30 May 2007
Dr. Root on Lewis
A couple of weeks ago I had the privilege of sitting down with a couple of friends and Dr. Jerry Root from Wheaton College. We met up at the Billy Graham center. Dr. Root is a foremost expert on the life and writings of C.S. Lewis. Jerry was doing a podcast for a leadership team that I am a part of. He had some inspiring things to say. Obviously Lewis was an amazing man. We mostly discussed the book, Surprised by Joy. Here are a few highlights from the conversation:
• Lewis was fleuant in about 8-10 languages.
• Lewis had an incredibly difficult upbringing: boarding schools, family life, school difficulties and fitting in... all of these things shaped him for who he was going to become and what he would do in the future.
• Lewis refers to the Arthurian torso and discusses the one of the first problems of life... how do you fit stone in the shell? He takes the words from the Wordsworth poem called "the prelude". The stone represents reason/the head and the shell represents the romantic longings (for God).

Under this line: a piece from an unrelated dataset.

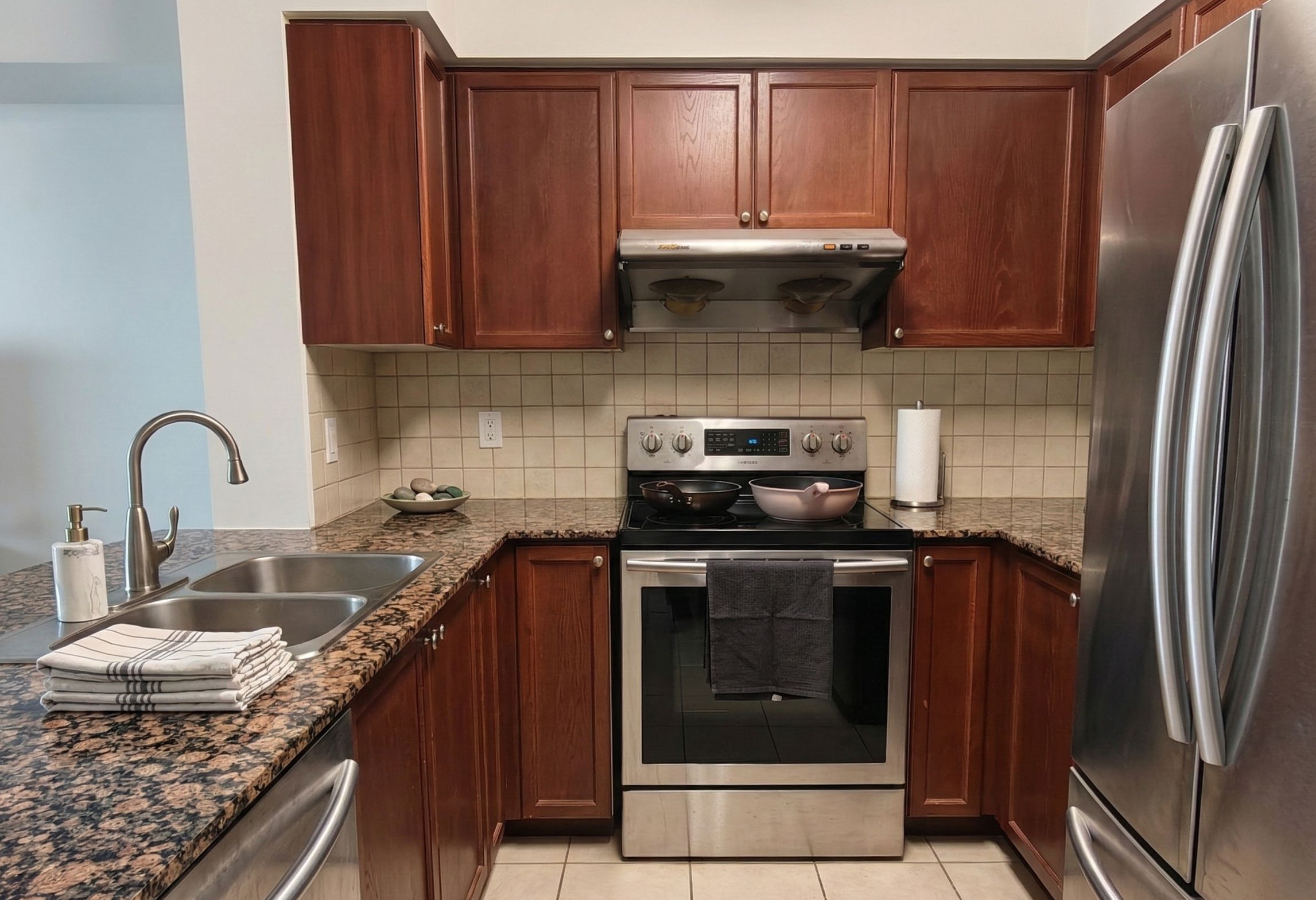 • Updated kitchen equipped with granite countertops and stainless steel appliances.

How do you fit robust intellectual thought with a heart that has passion for God? There are a lot of Christians that have amazing passion, but their heads are in dishwater; they are just not thinking. There are also a lot of Christians that have hard thinking; but they they have no heart... no heart for others, they are just interested in correcting others, they are rigid. Lewis says you need to bring the two together; head and heart. He tries to bring head and heart together in Surprised by Joy, in fact, he thought that the Christian faith could bring head and heart together.
• Lewis is haunted by our human longings and wondering about their meaning. He reasons through the morass of atheism and materialism. Lewis writes quite about this journey. He comes to believe in the existence of the supernatural, he then wrestles with religious questions... which God, which religion... Lewis becomes a theist and uses rich images and analogies.
Prior to knowing God Lewis writes about how he didn't think he could know God personally; anymore than Hamlet could know Shakespeare. A few years later Lewis becomes a Christian. He revisits this analogy in Surprised by Joy (you have to read the footnotes). He realized that the analogy was a good one, but it could have never depended upon Hamlet the character. Hamlet the character could have never broken out of the play and met Shakespeare the author; but Shakespeare the author could have written himself into the play as Shakespeare the character to make the introduction of Shakespeare the character and Hamlet the character. Which, in fact, is what happened in the incarnation... the God who loves us did not abandon us, he knows us, but he forgives us and loves us still. He comes to us as a testimony of His great love for us. He does all for us and expects our all in return.
I am still processing the weight and magnitude of the hour spent soaking this all up.